| steep_descent | R Documentation | 
Function minimization by steepest descent.
steep_descent(x0, f, g = NULL, info = FALSE,
              maxiter = 100, tol = .Machine$double.eps^(1/2))
| x0 | start value. | 
| f | function to be minimized. | 
| g | gradient function of  | 
| info | logical; shall information be printed on every iteration? | 
| maxiter | max. number of iterations. | 
| tol | relative tolerance, to be used as stopping rule. | 
Steepest descent is a line search method that moves along the downhill direction.

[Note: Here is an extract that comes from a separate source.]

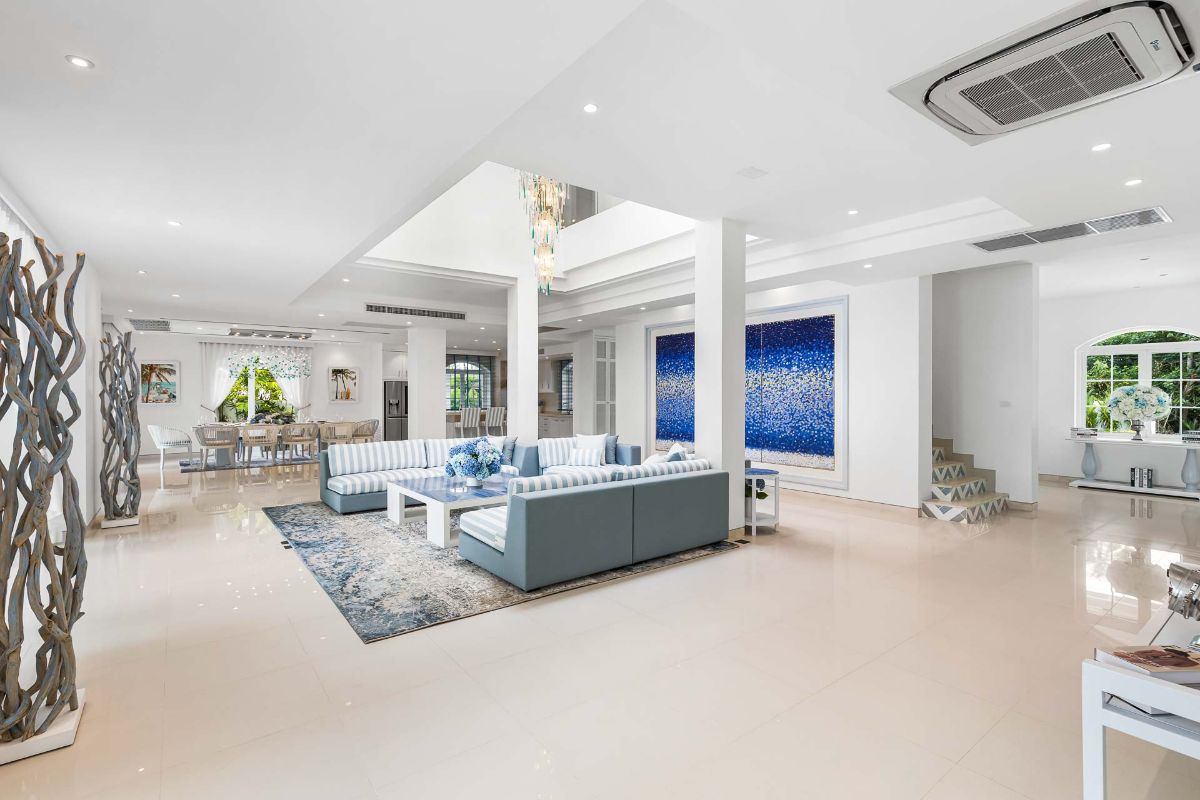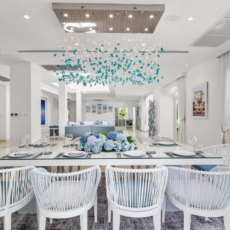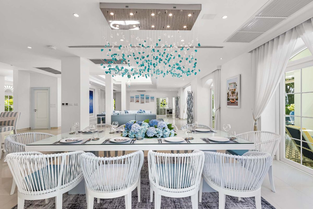 The grand entrance unfolds to the spacious open-plan ground floor of the main residence. With soaring ceilings and expansive windows offering breath-taking sea and garden vistas, the area comprises a well-appointed kitchen, an indoor dining space, and a generous lounge area crowned by a double-height skylight adorned with a magnificent chandelier, bathing the space in abundant natural light. All of this opens up to the glistening swimming pool and panoramic views of the beach and the Andaman Sea.

List with following components:
| xmin | minimum solution found. | 
| fmin | value of  | 
| niter | number of iterations performed. | 
Used some Matlab code as described in the book “Applied Numerical Analysis Using Matlab” by L. V.Fausett.
Nocedal, J., and S. J. Wright (2006). Numerical Optimization. Second Edition, Springer-Verlag, New York, pp. 22 ff.
fletcher_powell
##  Rosenbrock function: The flat valley of the Rosenbruck function makes
##  it infeasible for a steepest descent approach.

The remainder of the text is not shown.